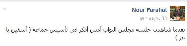 وأضاف ساخرًا -في منشور آخر- “بعدما شاهدت جلسة مجلس النواب أمس أفكر في تأسيس جماعة (آسفين يا عز)”.
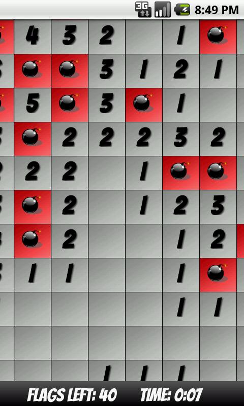 Inspired by the classic game Minesweeper, the game challenges you to clear a bomb-laden field strategically using numbers that represent the number of nearby mines. Do a "long click" to set a flag to mark suspected mines. Includes difficulty setttings, including both "Small" (phone screen-optimized) levels and "Large" ones (require scrolling on non-tablets).
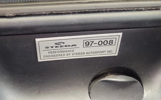 More about the Steeda connection: there was a supercharged SN95 offered by Steeda, and it was well-documented in popular magazines at the time. Typically, a genuine Steeda car will come with a serial number or plaque of some kind that confirms it was breathed on by Steeda at some point in its history. There is this badge right behind the shifter, which appears to be the genuine article. But what, then, are the enhancements? From what we can see, there are floor mats, a decal kit, and some stickers on the exterior, but not much else that designates this a limited-production, high-performance build.
########
_Task brief_
Word for word and without pictures, restate only the lines running from the one that contains "Inspired by the" through the last line of the listing above.

_Response area_
 Inspired by the classic game Minesweeper, the game challenges you to clear a bomb-laden field strategically using numbers that represent the number of nearby mines. Do a "long click" to set a flag to mark suspected mines. Includes difficulty setttings, including both "Small" (phone screen-optimized) levels and "Large" ones (require scrolling on non-tablets).
 More about the Steeda connection: there was a supercharged SN95 offered by Steeda, and it was well-documented in popular magazines at the time. Typically, a genuine Steeda car will come with a serial number or plaque of some kind that confirms it was breathed on by Steeda at some point in its history. There is this badge right behind the shifter, which appears to be the genuine article. But what, then, are the enhancements? From what we can see, there are floor mats, a decal kit, and some stickers on the exterior, but not much else that designates this a limited-production, high-performance build.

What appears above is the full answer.